Data:
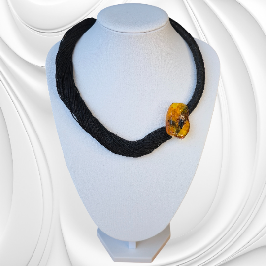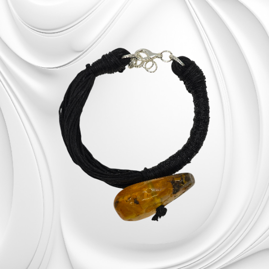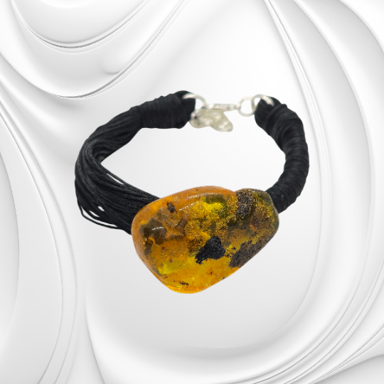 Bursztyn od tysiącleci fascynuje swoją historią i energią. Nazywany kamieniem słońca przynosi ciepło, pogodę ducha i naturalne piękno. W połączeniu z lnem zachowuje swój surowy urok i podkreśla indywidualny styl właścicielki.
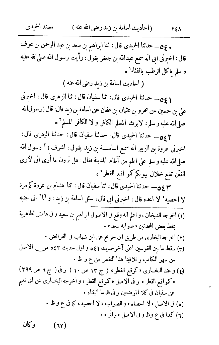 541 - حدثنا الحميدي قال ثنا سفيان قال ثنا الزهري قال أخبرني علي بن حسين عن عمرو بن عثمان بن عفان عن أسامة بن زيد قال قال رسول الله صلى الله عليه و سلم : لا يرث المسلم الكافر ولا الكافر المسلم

---

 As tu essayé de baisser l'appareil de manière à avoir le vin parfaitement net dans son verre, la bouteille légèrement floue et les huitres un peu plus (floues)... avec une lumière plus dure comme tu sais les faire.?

What to do: Copy nothing but the lines above from the one with "Bursztyn od tysiącleci" to the one with "541 - حدثنا", inclusive, word for word. Leave every picture out.

Finished exercise:
 Bursztyn od tysiącleci fascynuje swoją historią i energią. Nazywany kamieniem słońca przynosi ciepło, pogodę ducha i naturalne piękno. W połączeniu z lnem zachowuje swój surowy urok i podkreśla indywidualny styl właścicielki.
 541 - حدثنا الحميدي قال ثنا سفيان قال ثنا الزهري قال أخبرني علي بن حسين عن عمرو بن عثمان بن عفان عن أسامة بن زيد قال قال رسول الله صلى الله عليه و سلم : لا يرث المسلم الكافر ولا الكافر المسلم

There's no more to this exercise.